Wednesday, 29 April 2009

UK and Libya make prisoner deal

[The following is from the BBC News website. The full text can be read here.]

The UK has signed a prisoner transfer agreement with Libya, the Foreign Office has confirmed. [Note by RB: More accurately, the agreement, which was signed some time ago, has now been formally ratified by both countries and is now in force.]

The agreement will allow the man convicted of the Lockerbie bombing to apply to serve the rest of his sentence in a Libyan jail.

Abdelbasset Ali al-Megrahi, 57, who has prostate cancer, is currently being held in Greenock prison in Scotland.
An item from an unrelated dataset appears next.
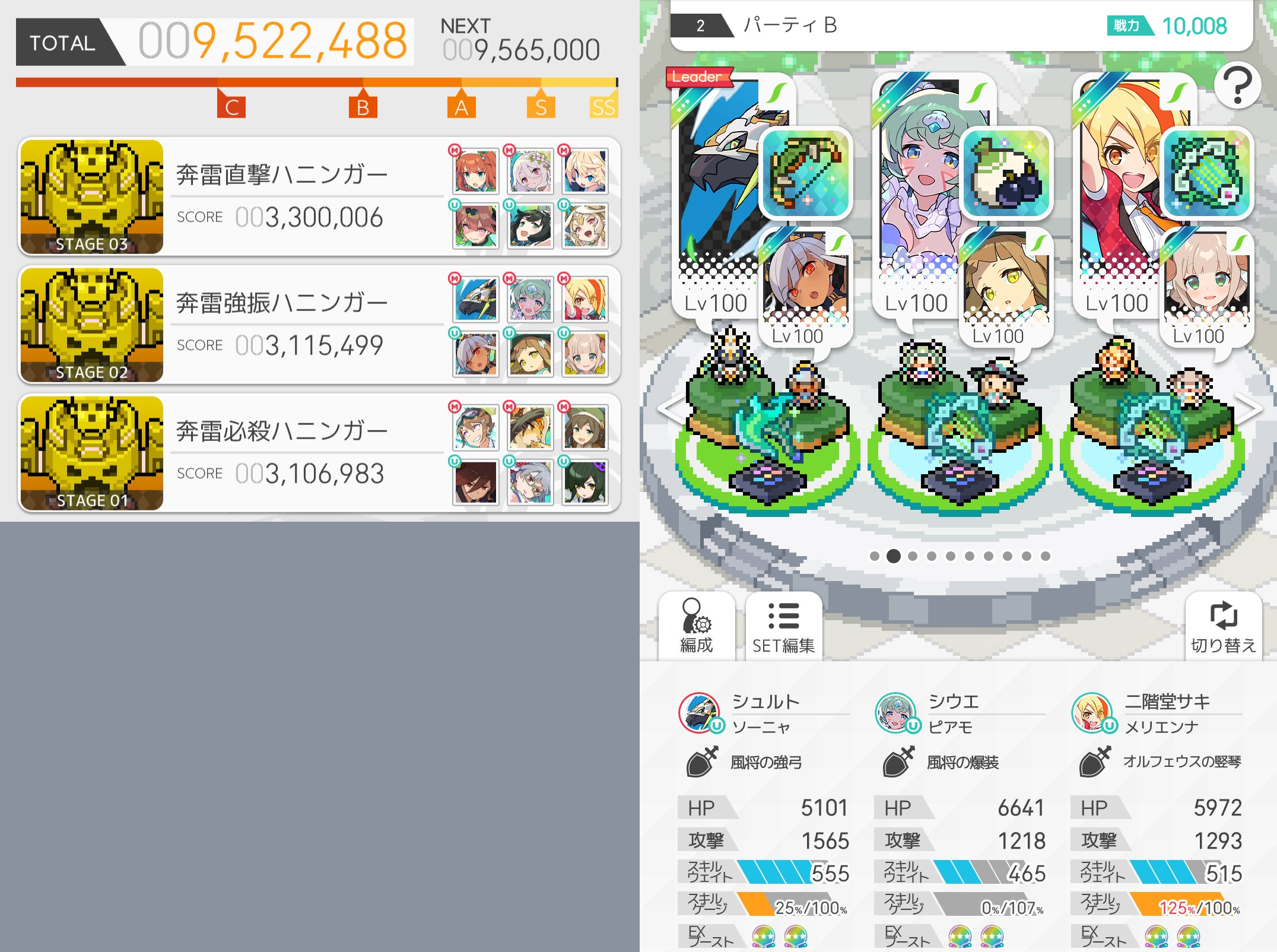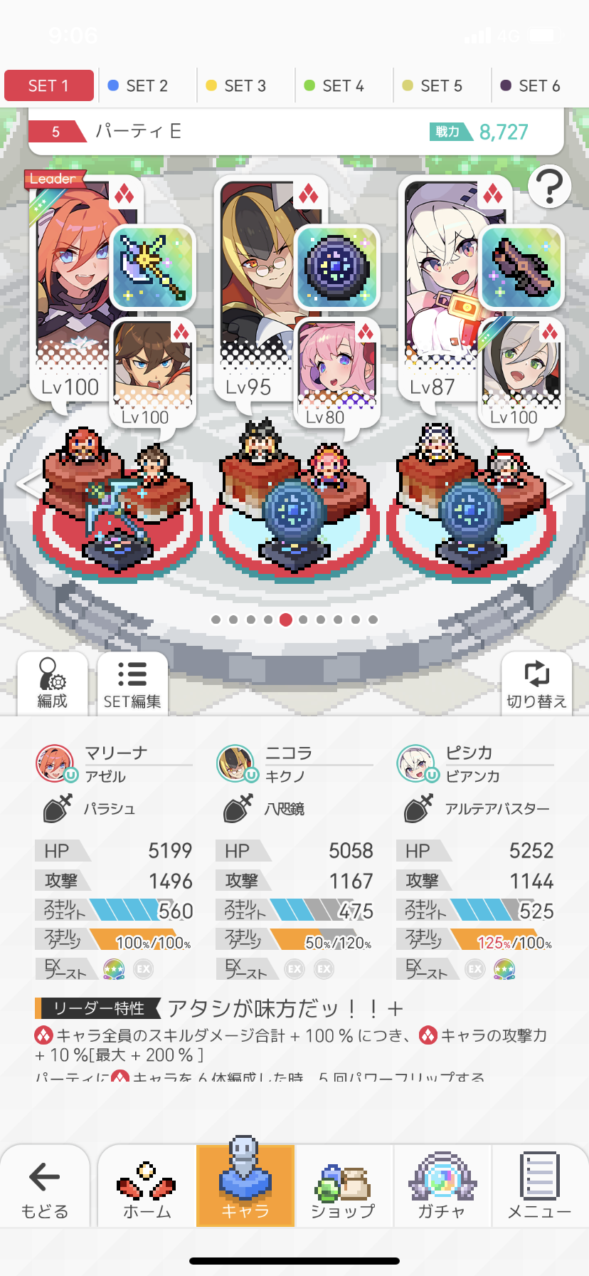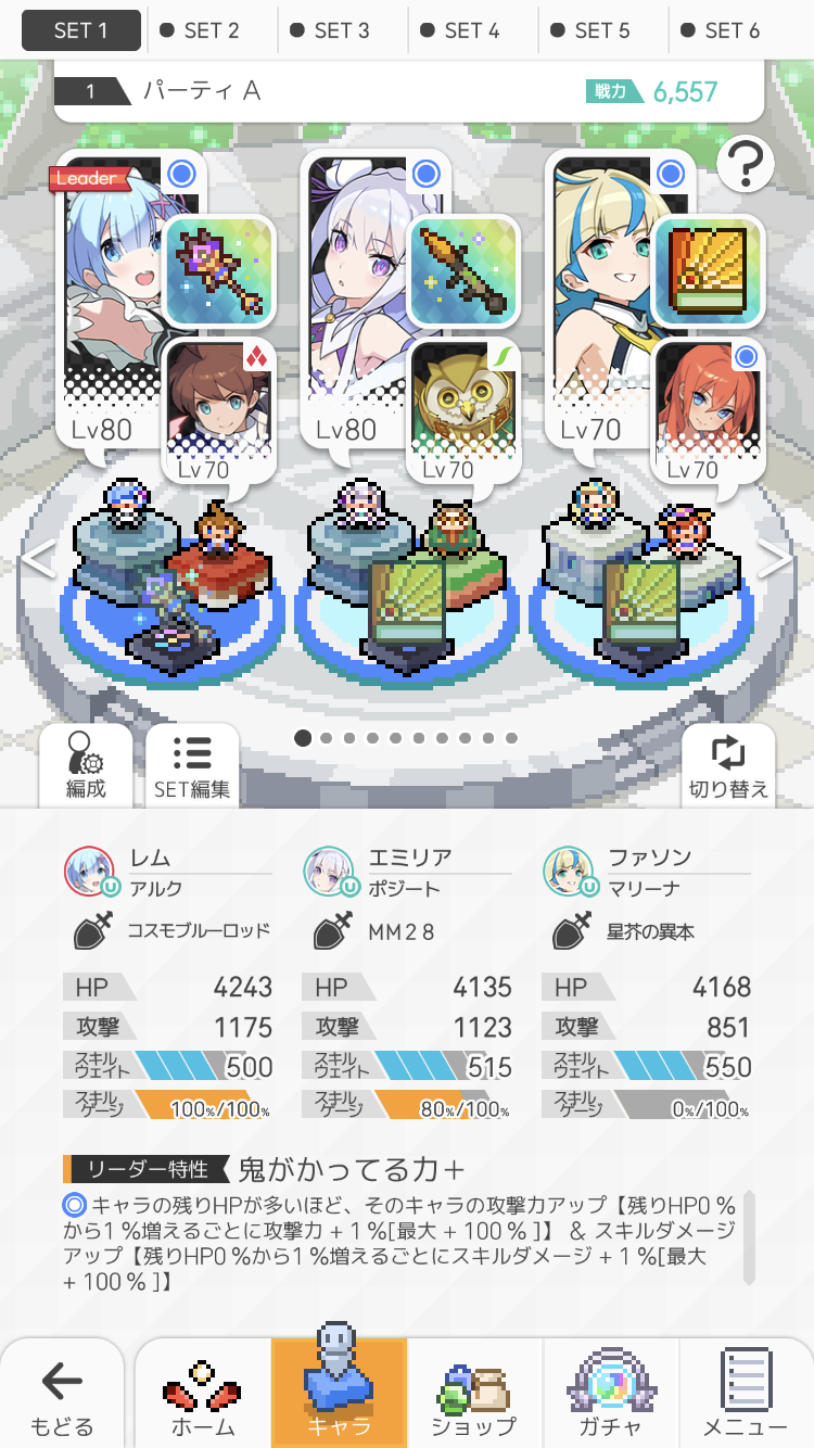 ナシール使ってるのと即死玉を防ぐ手段入れてないせいで安定度は高くない(試しにプレイした結果フルオートでクリア率3/5)、レベルは全員100だがマナボ2はクリビアが大枠取ってるだけで行けたから高速or安定パ作成までの繋ぎとしてなら使えると思う

He has begun a second appeal against his conviction for the 1988 attack on Pan AM Flight 103. (...)

Any possible transfer to a Libyan prison would depend on Megrahi dropping his current appeal, which is expected to last a year.

And any transfer agreement would have to be ratified by Scottish ministers, who would have the final say before the Foreign Office. [Note by RB: I am not sure precisely what this means. The correct position is that, if an application for transfer is made, it is the Scottish Government that has to decide whether or not to grant it.]

There has been no comment from Megrahi's legal team about whether they are to apply for him to be transferred to a Libyan jail.

Megrahi's second appeal is being heard by five judges in Edinburgh, headed by Scotland's senior judge, the Lord Justice General, Lord Hamilton.

He has already lost one appeal against his conviction for the 1988 atrocity in which 270 people died.

Since then he has been in prison in Scotland, and must remain in jail until at least 2026.